I know you wanted it to work, and I think you knew I did too. But instead, all we learned is sometimes things don’t. Sometimes things that are beautiful fall apart, no matter how much of yourself you invest, no matter how much love you’re willing to put in, and no matter how vulnerable you’re willing to get. Instead of what we had blossoming, it stopped, because we knew it had to.
I will never not blame timing. Had we been older, had we not been moving, had we been at different points in our lives, it would have lasted. There are so many “if onlys” and if all of them had aligned, it would have worked out. We would’ve worked out, that is. We could’ve stayed together, fought for each other, and kept making each other happy. We could’ve kept showing each other love and support. Our fingers would never have had to unlearn the feeling of the other person’s skin. Our lips would never have had to unmemorize the other’s.
Too often, I wake up thinking “what if?” What if I was waking up with you next to me? What if you were the first person I called when I woke? What if every morning, there was a text from you, telling me you woke up thinking about me too?

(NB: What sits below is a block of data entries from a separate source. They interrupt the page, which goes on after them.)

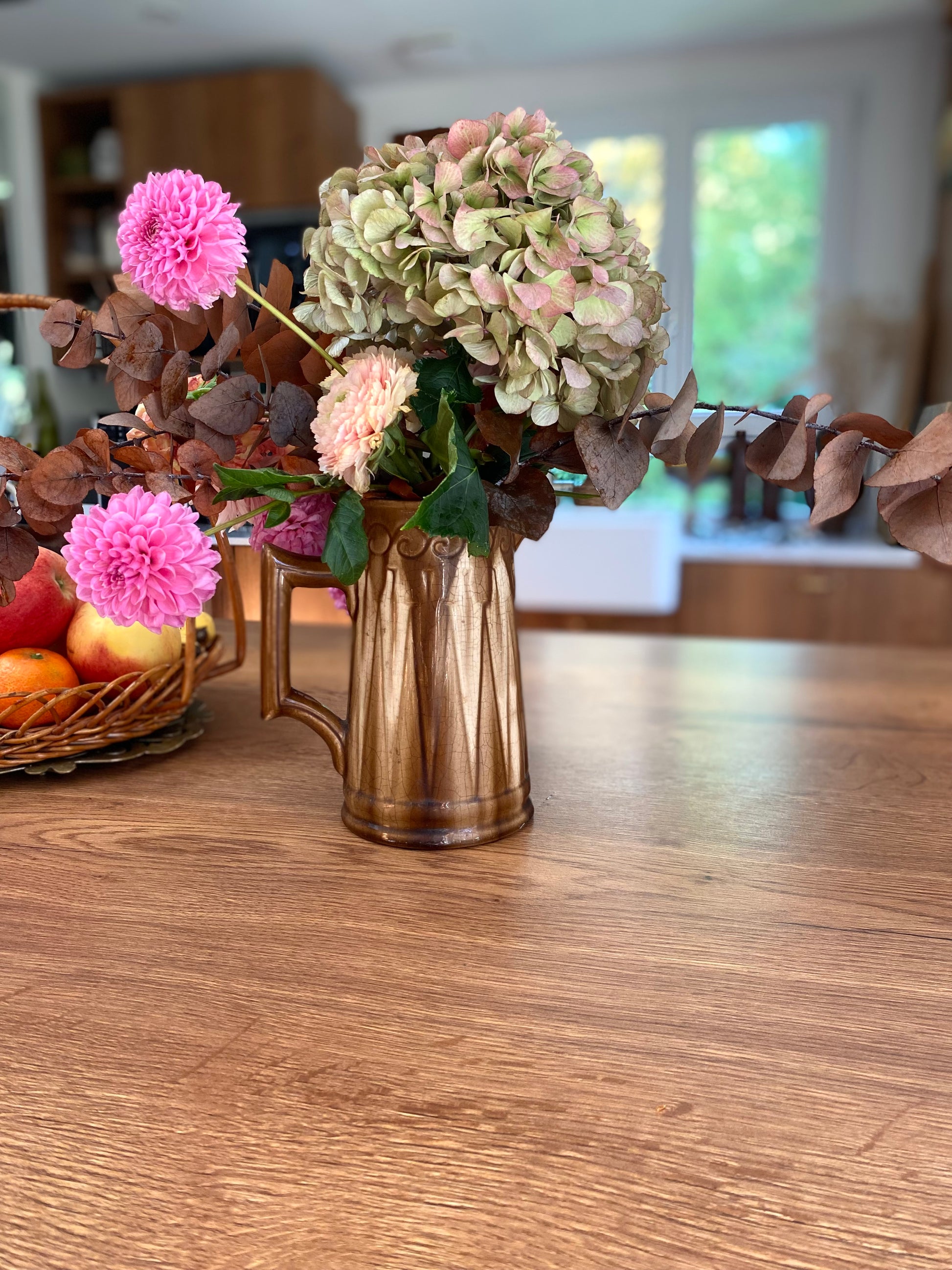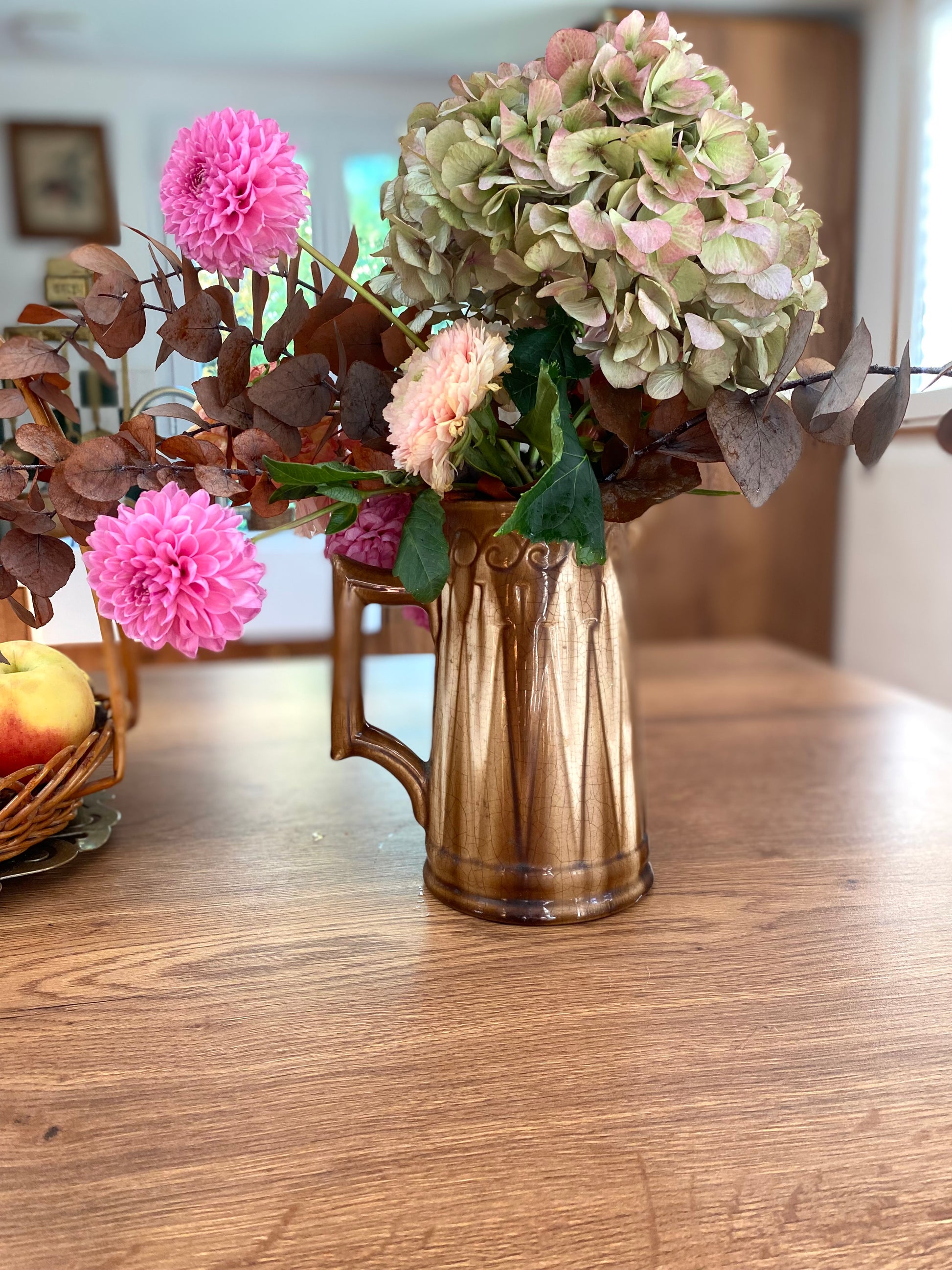 Broc ancien en céramique vernissée dans un joli dégradé chocolat
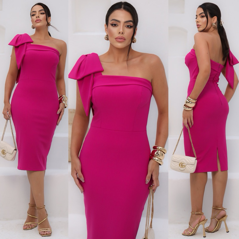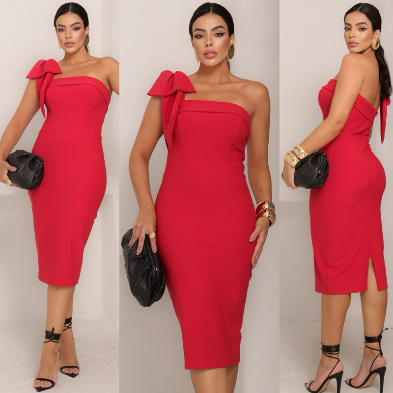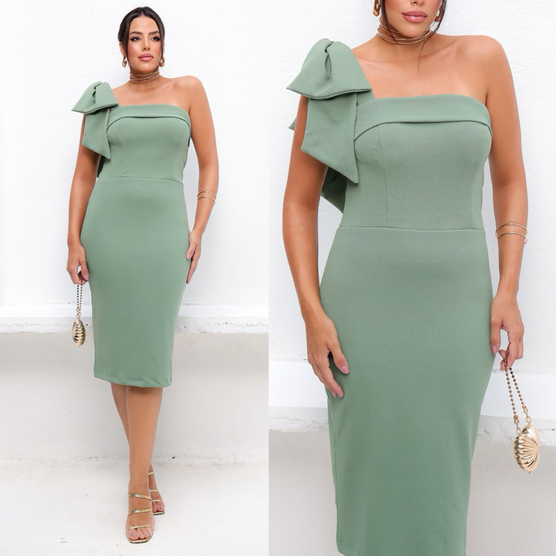 0044 Vestido Mídi 1 Laço Tubinhos- Plus Size - Casamento / Chá revelação / Noiva Civil / Batizado/ Festa / Formatura
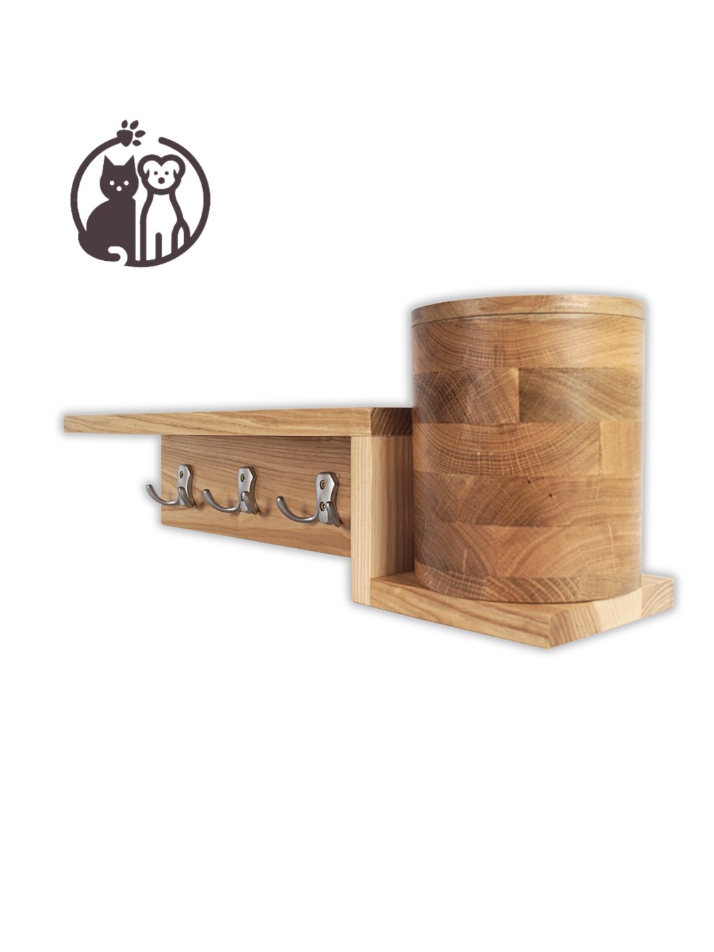 Jedinečná dřevěná police s věšáky na psí potřeby z masivního dřeva – na výběr máte z několika druhů dřeva: dub, olše, modřín, jasan nebo borovice. Každý kus zdobí detailně vyřezaný motiv tlapky, který potěší oko i srdce každého milovníka psů nebo koček.
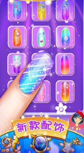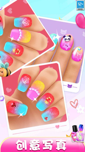 这里有很多颜色的美甲材料,还有一堆装饰小货架闪闪,亮亮的水钻和萌萌的贴纸,大家想怎么搭配,可以完全按照自己的喜好来,轻松地做出只属于自己的美甲样式。操作的特别简单,点几下屏幕,各种创意设计就完成了,不管大家喜欢公主范儿,还是喜欢酷酷的朋克风,在这款游戏里都可以满足大家,适合特别爱动手追求独特风格的年轻朋友们。
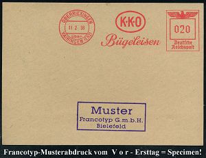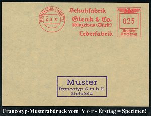 4049 | 35 € | POSTLEITRAUM 7100 (OHNE HEILBRONN u. LUDWIGSBURG) : KÜNZELSAU (WÜRTT)/ Schuhfabrik/ Glenk & Co./ ..Lederfabrik 1937 (12.8.) AFS-Musterabdruck Francotyp "Reichsadler" , glasklar gest. Francotyp-Musterblatt vom V o r - Ersttag! (mit Attest), selten! (Dü.E-5CGo) | ![]() ![]() | |

Every once and a while I still get that text, and I guess it reminds me that these things, these feelings, these regrets, even, are real for you too. People have always told me that when you break up with someone, you can’t turn to them for support. In fact, they’re the one person you aren’t supposed to go to. But we still go to each other. We still lean on each other for sympathy when one of us needs the other. When someone has been your primary support system for so long, it’s impossible to cut that connection off, and it’s even more difficult when there wasn’t a “reason” for the break up.
That’s the shittiest part of timing not being on our side. There was no other great reason to separate. There was no blow-out fight, no cheating, no messes or fires to put out or people saying the wrong thing. There was no incompatibility. There was only the numbing realization that this wasn’t our time, and that prolonging the end was useless. That’s all there was. And because of that, there wasn’t a reason to be mad at you. I almost want to be mad at you, because that would make things so much easier, but I can’t be. You did nothing wrong. I did nothing wrong. And yet, we’re not together anymore.
In the end though, we weren’t the only two things in the world that had to line up perfectly. I know we did, but there are thousands of other minuscule variables in the universe that also have to line up for real love to work and to last.
You once told me you would always have a place for me in your heart, and I hope that stays true. We will live in different places, and be with different people, and do different things. And at some point, the desperate desire to call the other person whenever we have good news (or whenever we fail) will fade. But I hope the door to each other’s lives never fully closes. Because even though the timing wasn’t right, I know we were.